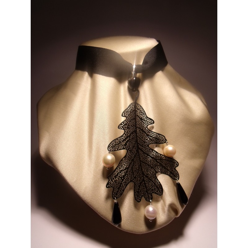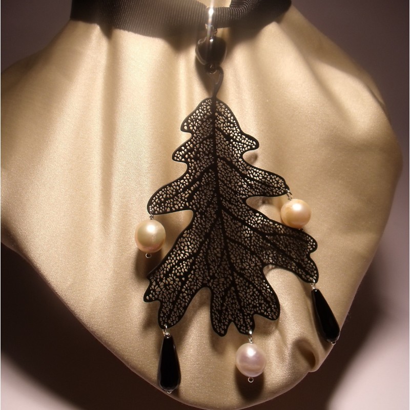 Metal leaf pendant with onyx and 1st quality freshwater pearls
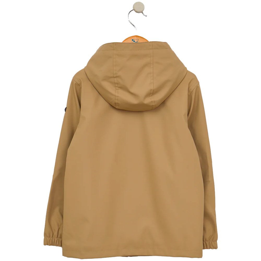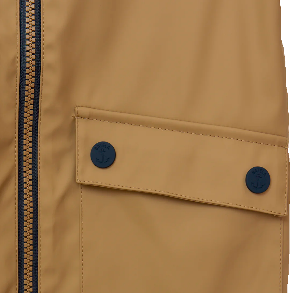 Chubasquero junior de estilo náutico confeccionado por Batela con poliuretano impermeable. Este chubasquero protege contra lluvia y viento siendo perfecto para los días de frío gracias a su forro interior de pelo suave. Su diseño incluye bolsillos frontales tipo parche con solapa y cierre de corchetes con un detalle de anclas para que los más pequeños guarden sus objetos.
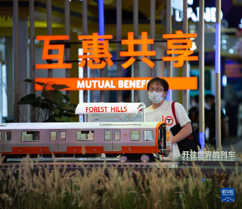 2021年9月4日,在位于北京的国家会议中心中国服务贸易发展成就展上,观众参观中国轨道交通出口装备模型。新华社记者 陈钟昊 摄

▸ **Required action**
Apart from the images, retype the full material exactly as written.

▸ **Result below**
 Metal leaf pendant with onyx and 1st quality freshwater pearls
 Chubasquero junior de estilo náutico confeccionado por Batela con poliuretano impermeable. Este chubasquero protege contra lluvia y viento siendo perfecto para los días de frío gracias a su forro interior de pelo suave. Su diseño incluye bolsillos frontales tipo parche con solapa y cierre de corchetes con un detalle de anclas para que los más pequeños guarden sus objetos.
 2021年9月4日,在位于北京的国家会议中心中国服务贸易发展成就展上,观众参观中国轨道交通出口装备模型。新华社记者 陈钟昊 摄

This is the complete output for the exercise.